660 mg of it are stirred under an inert atmosphere for 90 minutes product. obtained in step D. 600 mg of the SO 3 complex, pyridine and 5 cm 3 of dimethylformamide. He brings to dry- under reduced pressure, add 600 mg of the SO3 complex, pyridine. 3 cm 3 of dimethylformamide and stir another 48 tinnar. He pours the reaction mixture into 250 cm 3 of ether. decanting. eliminates the ether phase and adds acetone, filters the excess of the complex. He evaporates dimethyl- the formamide from the filtrate and dissolves the residue in methanol, chromatographs under reduced pressure on silica, eluting with methanol and bring the eluate to dryness. Tlll the received the residue is added 3 cm3 of formic acid. 33% in water, bring to 50 ° C with stirring for 30 minutes and filter rerar. Ethanol is added to the filtrate, evaporated dryness and repeat this procedure several times until the product crystallizes. You spin and receive 150 mg of product, which is purified by passing on HP20 resin Mitsubishi to obtain 55 mg of the desired pure product ten. Mp> 220 ° C (dec.).

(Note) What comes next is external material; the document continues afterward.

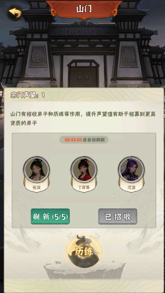 招募资质与宗门声望直接挂钩,声望越高,招募到高资质弟子的概率越大;反之则难以获得优质弟子。
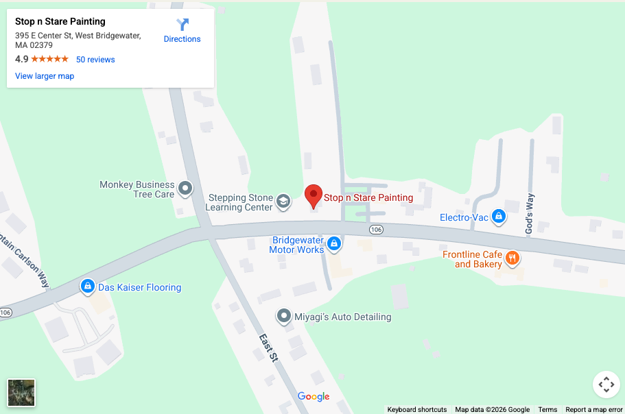 Contact Us Home Contact Us Phone +1 (339) 235-8092 Email Us StopnStarepainting@gmail.com Address 395 E Center St, West Bridgewater, MA Request a Quote or Ask a Question! Name Email Address Phone Service Type Service TypeInteriorExteriorCommercial Message Submit Now

Analysis C10H1206N5S2F: 381.36 C% 31.5 Ht 3.17 Nt 18.35 Found 31.6 3.1 17.9 [α] D = -14.5 ° + 2 ° (c = 0.3% water) 5% 16.8 FX 4.98 16.0 4.8 Calculated

Claims (4)

10 15 20 "25 30 35 590 849" x 20 Patent claims 1. Associations. intended to be used as intermediates for the preparation of 3-amino-2-oxo-azetldine-1-sulfonic acids, characterized by the formula (II) in that they consist of the compounds (II) wherein Ra represents - (CH 2) n 1-4 and X = F and A represent a hydrogen atom or a sulfo group. A process for the preparation of compounds of formula (II) (II) wherein Ra represents - (CH 2) n -X, n = 1-4 and X = F and A represents a hydrogen atom or a sulfo group. k ä n n e t e c k n a t formula (V): by reacting a compound with n wherein Ra has the meaning given in claim 1 and RP denotes a protecting group for the amino group. Formula I (VI): with a compound of (VI) wherein one of R 'represents a hydrogen atom and the other a protecting group for the amino group, or R'P and R'P together represent a divalent protection group. and B represents a hydroxyl group or a halogen group. to prepare a compound of formula (VII) and R 'P R'p \ N Ra / \ 3 4 RI! P (v11) f? 1N \ 0 R P vari Ra. R. R 'and R' have the meaning given above, which compound of formula (VII) is subjected to the following reactions: a) cleavage of the group RP by hydrolysis, hydrogenolysis or action of thiourea; b) possible sulfonation of the amino group 1 l position; c) cleavage of the groups R 'and R'P by hydrolysis, hydrogenolysis or the action of thiourea; d) possible cleavage of the molecule to obtain an optically active product. A process according to claim 2, carrying out the process according to claim 2 starting from a compound of formula (V), wherein RP represents a protecting group for the imino group having an asymmetric carbon and isolates a product of formula (VII) 1 optically active form. k ä n n e t e c k n a t av att man 4. A method according to any one of claims 1-3, characterized in that the group Ra represents a fluoromethyl group.